If we can find the right tools for analysis, it’s still possible to get JavaScript code running as fast as just-in-time compilation is today (with no warm-up time!). .

How to get started now?

This new approach excited us and made us look forward to the next level. We are also excited to see how other dynamically typed languages can embrace WebAssembly in this way.

So, here are a few ways to get started, and if you have any questions, you can ask them in Zulip.

For other platforms that want to support JavaScript

To run JavaScript on your own platform, you need to embed a WebAssembly engine that supports WASI. We are using Wasmtime.

Then you need a JavaScript engine. In this step, we added full support for compiling SpiderMonkey into WASI to Mozilla’s build system. Mozilla will add SpiderMonkey’s WASI build to the CI setup used to build and test Firefox. This makes WASI an online quality target for SpiderMonkey, ensuring that WASI builds are always up and running. This means you can use SpiderMonkey as described in this article.

Finally, you need to ask the user to provide pre-initialized JavaScript code. To help you out, we’ve also opened source Wizer, which you can integrate into the build tool to produce application-specific WebAssembly modules that fit into the pre-initialized memory used by JavaScript engine modules.

For other languages that want to use this approach

If you are a speaker of Python, Ruby, Lua, etc., you can also build your own version for that language.

First, you need to compile the runtime into WebAssembly and use WASI as a system call, as we did with SpiderMonkey.
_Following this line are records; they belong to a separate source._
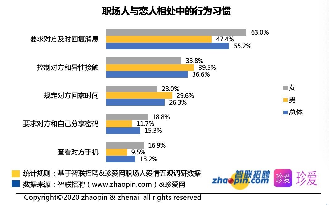 越是关系亲密的恋人,彼此之间的牵挂就越深。报告表明:职场恋人相处过程中最常见的“控制欲“行为前三排名为:要求对方秒回信息、控制对方和异性接触以及规定对方回家时间,占比分别为55.2%、36.6%、26.3%。
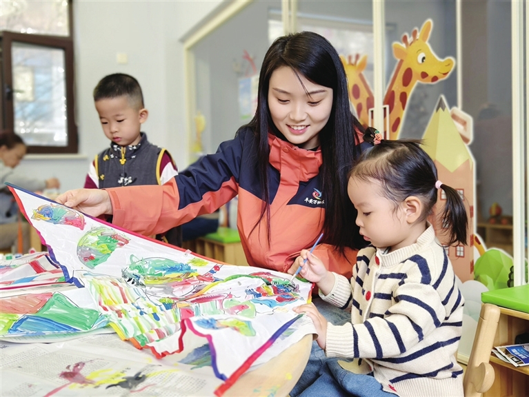 3月27日,漪汾苑社区的儿童之家很热闹,10余名学龄前儿童在家长的指导下,一笔一画,绘出心中所想,为空白的风筝穿上了美丽的“花衣”。完成后,孩子们来到户外,静等风来,放飞风筝。
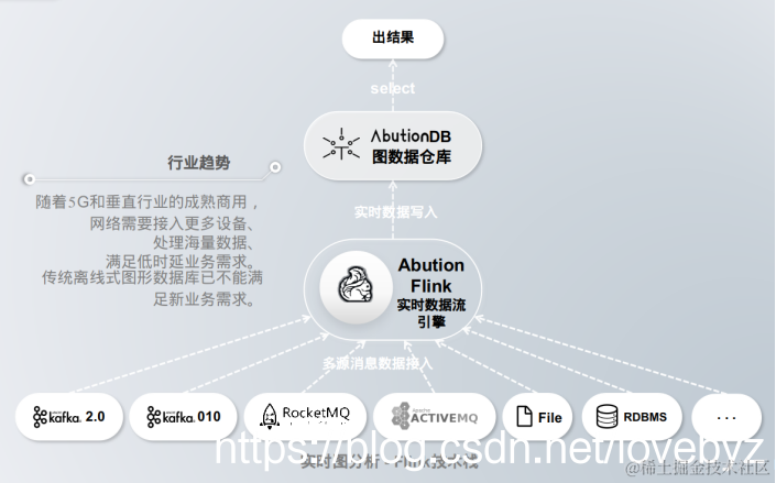 而对于Flink的资深工程师,您就可以随意的发挥了,没有强绑定的使用规则,一切以优化的业务实现为主,您还可以使用Flink的计算能力提前聚合一些图数据,减轻Abution的IO,提高写入和查询效率,特别是在物联网传感器监控场景(包括电网能源场景),由于数据更新太快(一秒内更新几次),那么您就可以采用这种内存的计算方式,实时监控后再落地给Abution做后续的操作,AbutionGrapha的图数据可以脱离数据库实现聚合,或者是在Flink中实现聚合,可以有效减少数据写入量,相关功能的功能都已备好,可以方便的使用。
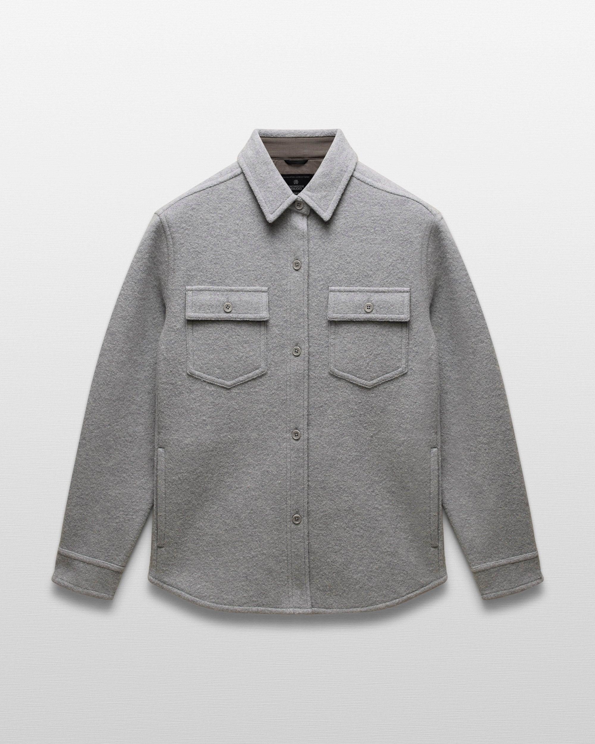 Overview This classic overshirt is crafted from boiled merino wool with a dense, hairy texture. Featuring a standard fit, with full-cut sleeves and torso to provide versatility for layering. Designed with a pointed collar, flap chest pockets, corozo logo buttons, on-seam side pockets, adjustable cuffs, and a scooped hem. Details Pointed collar 24L corozo logo buttons Set-in sleeves Flap chest pockets On-seam side pockets Corozo button cuffs Scooped hem Lined collar, placket and cuffs Made in China Style: RC-8036 XS S M L XL XXL Neck Width 15 16 16.5 17 18 18.5 Shoulder Width 48 49.5 51 53 54.5 56.5 Chest Width 53.5 56 58.5 62 66 70 Body Length 73 75 77 79 80.5 82.5 Sleeve Length 61.5 63 64 65.5 66.5 68
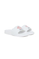Modern design slide slippers. Customised with Maple Leaf outline logo in contrasting colour. PVC upper. Polyurethane sole. Made in Italy.

You can then, as described above, integrate Wizer into the build tool and generate an in-memory snapshot that can be used to speed up startup.

If you find any mistakes in your translation or other areas that need to be improved, you are welcome to the Nuggets Translation Program to revise and PR your translation, and you can also get the corresponding reward points. The permanent link to this article at the beginning of this article is the MarkDown link to this article on GitHub.
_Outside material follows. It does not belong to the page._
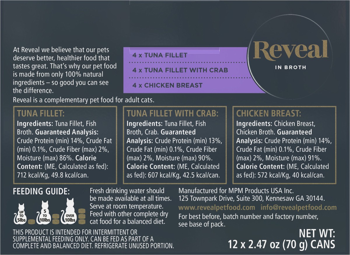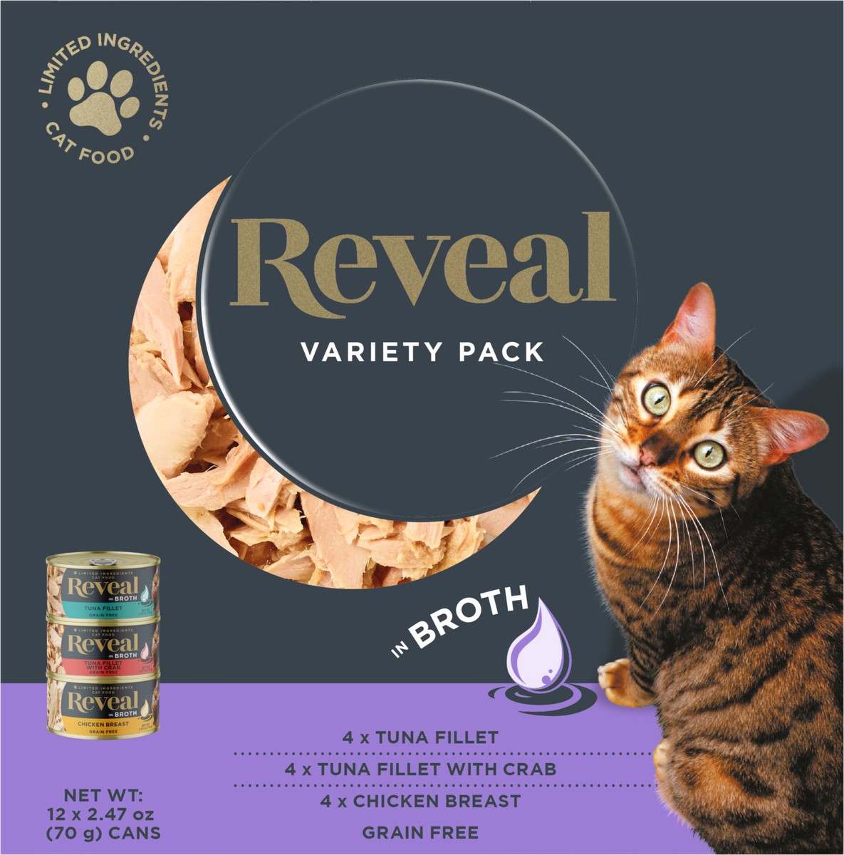 Reveal Natural Wet Cat Food Variety Selection in Broth, 12 Count, 2.47 oz Cans
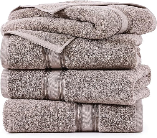 American Veteran Towel, 100% Cotton Turkish Bath Towels for Bathroom 4 Pack, 27x54 Extra Large Premium Soft Drying Bathroom Towels, Beige

The Nuggets Translation Project is a community that translates quality Internet technical articles from English sharing articles on nuggets. The content covers Android, iOS, front-end, back-end, blockchain, products, design, artificial intelligence and other fields. If you want to see more high-quality translation, please continue to pay attention to the Translation plan of Digging Gold, the official Weibo, Zhihu column.